Opinión

"De vostede, don Fulano"

Vi que eran todos mancebos, ninguna de más de treinta años, muy bien formados, de hermosos cuerpos y caras”, escribe Colón al desembarcar en Guanahani. Creía encontrarse en los confines del Edén que la tradición cristiana situaba al Oriente del Oriente; y por supuesto, creía haber llegado ya a las Indias. 


 Colón marró. Le faltaba por navegar todo el Océano Pacífico. Américo Vespucio puso nombre después a aquél lugar ignoto: América. Pero aun así, a aquellas gentes de hermosos cuerpos y cobriza dermis, se les siguió llamando indios.
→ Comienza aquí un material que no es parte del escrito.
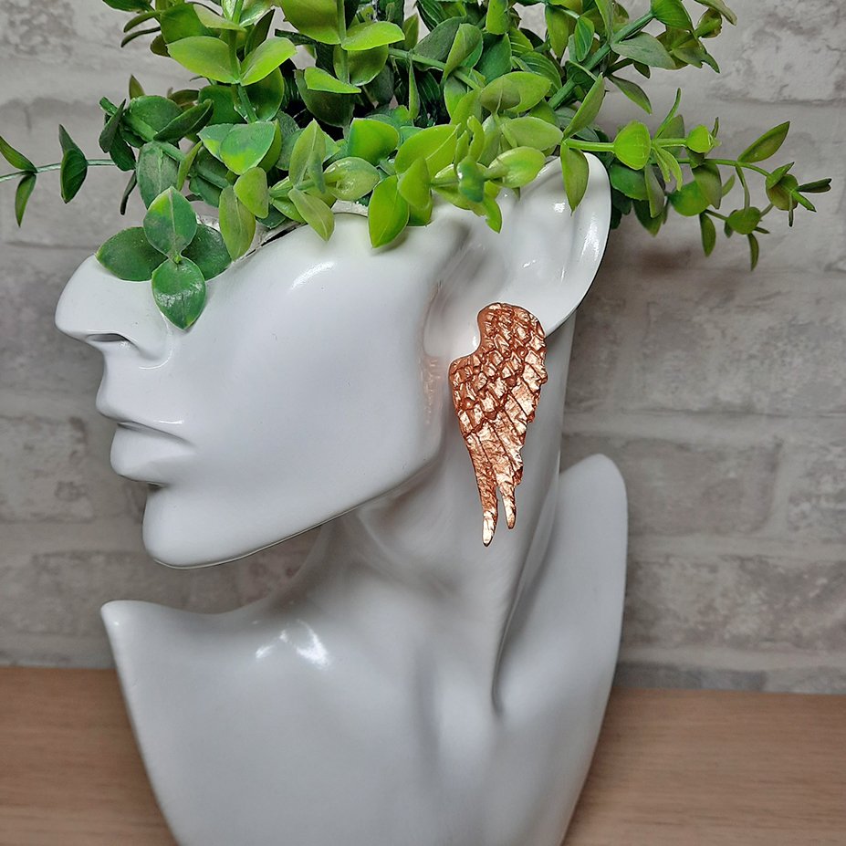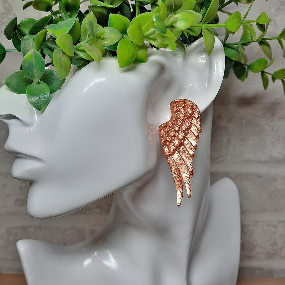 Περιγραφή: Καρφωτό σκουλαρίκι σε σχήμα φτερών αγγέλου. Η διάστασή του είναι 6 * 2,5 εκ. περίπου και το στέλεχος του σκουλαρικιού είναι από υποαλλεργικό ατσάλι.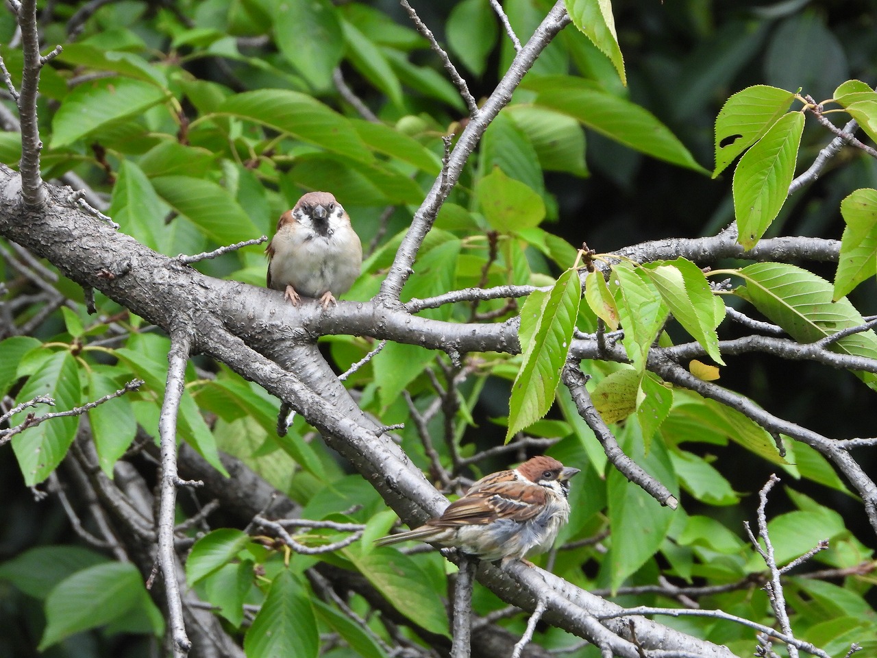 雨はじきに上がって、円形花壇へ向かいます。途中、よく低い枝にコサメビタキがとまっている桜広場に2匹目のドジョウならぬヒタキを探しますが、叶わぬまま円形花壇に到着、トイレ休憩です。ここにもスズメたちの小群が飛来。今日の主役は君たちかも、と思える意外な存在感をかもします。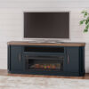 This TV stand combines casual contemporary design with modern appeal. Its combination of a thick-bodied wood-tone top with a slate blue cabinet is a smart choice on so many levels. Stow away electronics in the roomy cabinets, and use the upper shelf to conceal a soundbar speaker for a clean integrated look. Enhancing the experience: the optional fireplace insert (sold separately) brings a touch of warmth and beautiful ambiance to your living room.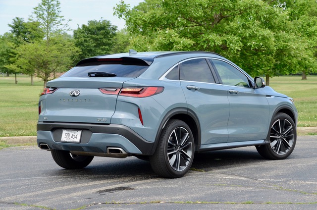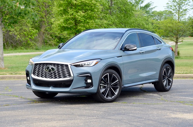 Sloping rooflines are what’s happening in the world of premium utility vehicles. And, Infiniti is right there in the mix with its all-new coupe-like QX55

 Harina de otro costal y blancura eran los indianos: Procedentes de aquellos tórridos trópicos, eran emigrantes que retornaban a su tierra empanados de riqueza y que, a pesar de que el vulgo se mofara de su vestimenta y su acento caribeño, cortaban el bacalao tras haber hecho las Américas. Algunos lograron amasar verdaderas fortunas: de regreso a sus orígenes (ite missa est) no las ocultaron, sino que intentaron prestigiarse ejerciendo mecenazgos y haciéndose construir suntuosos palacios en los que abundaban las palmeras y cegaba, por abigarrada, la policromía. Al final, como siempre, “poderoso caballero es don dinero”, muchos devinieron en caciques locales. Y abusaron.
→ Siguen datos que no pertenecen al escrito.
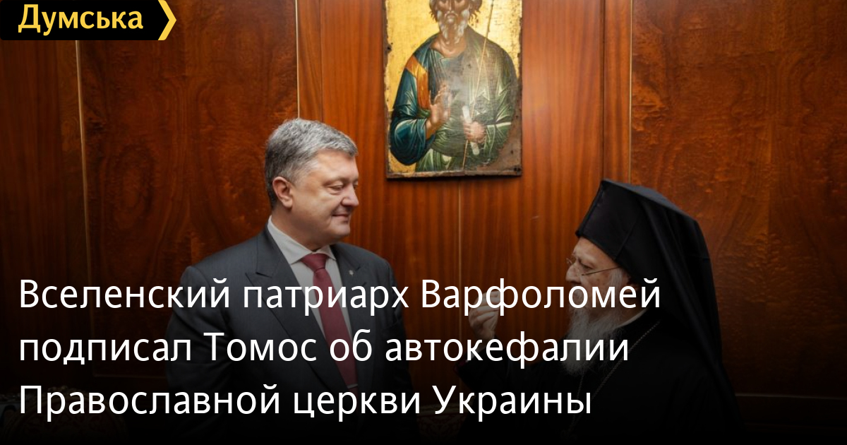 Только что на церемонии в Стамбуле Вселенский патриарх Варфоломей подписал Томос об автокефалии Православной церкви Украины.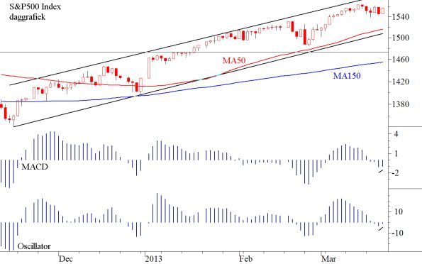 Het ziet ernaar uit dat Cyprus weer bij zinnen gekomen is. De Amerikaanse markten namen daar reeds een voorschotje op. Een en ander betekent dat de reactie weer op zijn einde loopt. Hij is kort gebleven maar hij heeft voldoende lucht in de markt gepompt zodat de koersen een volgende stijging kunnen inzetten. Wij laten u hieronder de daggrafiek van de S&P500 zien.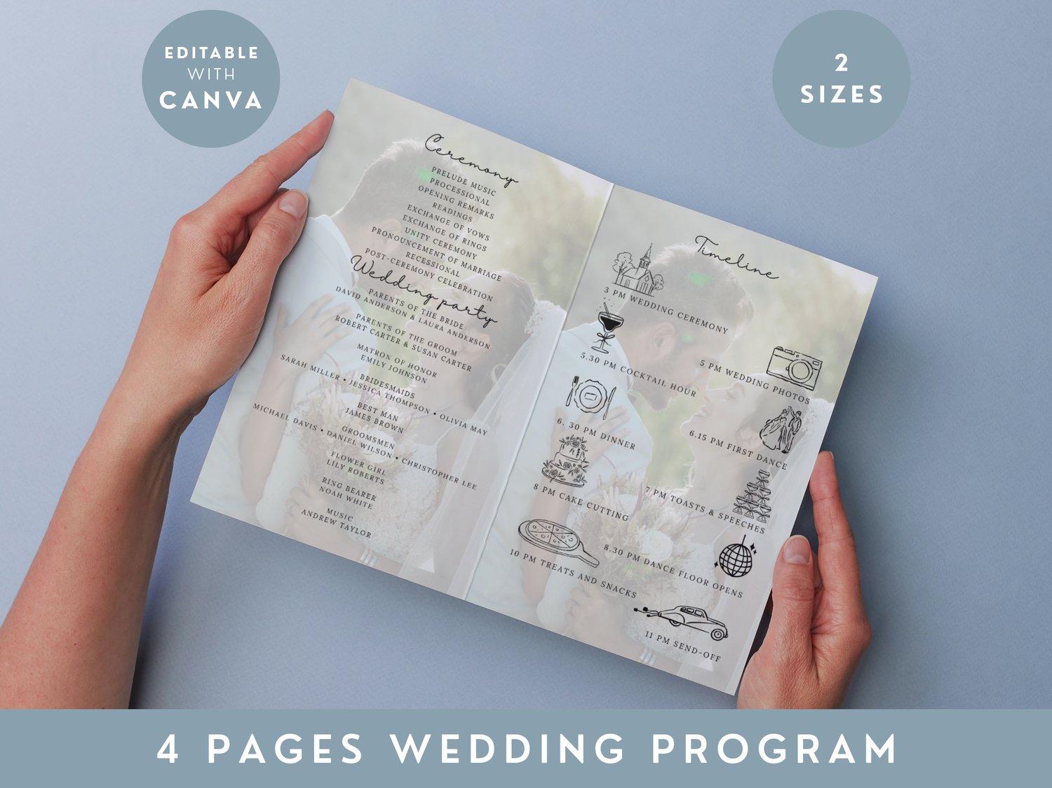 Photo Wedding Program Template With Romantic Couple Background Editable Timeline Printable Ceremony Program Design With Image Layout 009

 Recuerdo a un indiano mexicano oreado por el sol, chaparro y petulante, que todos los años pasaba largas temporadas en mi pueblo. Los chavales de entonces nos entreteníamos jugando a la billarda; o al burro, ¿burro quieres la cena?; o a “batuxarnos” (salpicarnos) pisando charcos: estaba yo en desventaja: los otros chicos usaban chancas, no zapatos ‘de gorila’, que eran los que nos compraban a los niños pijos. El caso es que una tarde de domingo, después de un chaparrón, el azteca millonetis le aflojó al más animaliño del pueblo cincuenta pesetas por pisar un charco y “batuxar” a la rapaza más bonita del paseo. Tate, tate, me dije, aquí hay que jugar húmedo, no sucio, si quieres pillar algo; y, a partir de ahí, era ver venir a lo lejos los diez duros en forma de Moctezuma galaico y tirarme a zapato enjuto a los regatos… Fue un fiasco: el millonetis se piró, yo me quedé a verlas venir y mis padres terminaron por comprarme unas katiuskas. Ahora que sí, a “batuxar2 ya no hubo dios que me tosiera.
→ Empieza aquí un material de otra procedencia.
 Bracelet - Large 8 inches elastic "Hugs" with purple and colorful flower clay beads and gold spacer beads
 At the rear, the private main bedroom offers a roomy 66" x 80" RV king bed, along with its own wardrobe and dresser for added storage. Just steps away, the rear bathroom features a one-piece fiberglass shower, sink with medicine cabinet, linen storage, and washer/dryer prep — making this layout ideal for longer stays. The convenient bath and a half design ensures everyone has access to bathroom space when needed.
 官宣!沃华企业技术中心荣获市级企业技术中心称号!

 Pasaron los años. Crecí en estulticia, agitación y desconcierto ante las féminas. El indiano ya se instalara en el pueblo de forma definitiva. Dicharachero y picha brava, se le atribuían varios hijos “das silveiras”. Pero a mí se me antojaba ya un tipejo rutilante, con ese brillo falso que da el metálico, y la jactancia que genera la lisonja. Cariñoso a entrepierna ahíta y manos hueras, le gustaba vacilar con los más débiles: “¿E logo ti de quén eres”?, le preguntó cierto día a un niño que, zalamero, se le acercó por ver si caía un peso. El rapaz bajó la vista avergonzado: “De vostede, don fulano”. 


 Qué decepción: La madre del chico era aquella chica guapa que el más animaliño del pueblo había batuxado hacía años; maldita sea, no ganaba para fiascos: célibe a mi pesar, ni siquiera había podido bautizarme todavía por lo forestal: ¡y eso que yo había batuxado hasta las feas!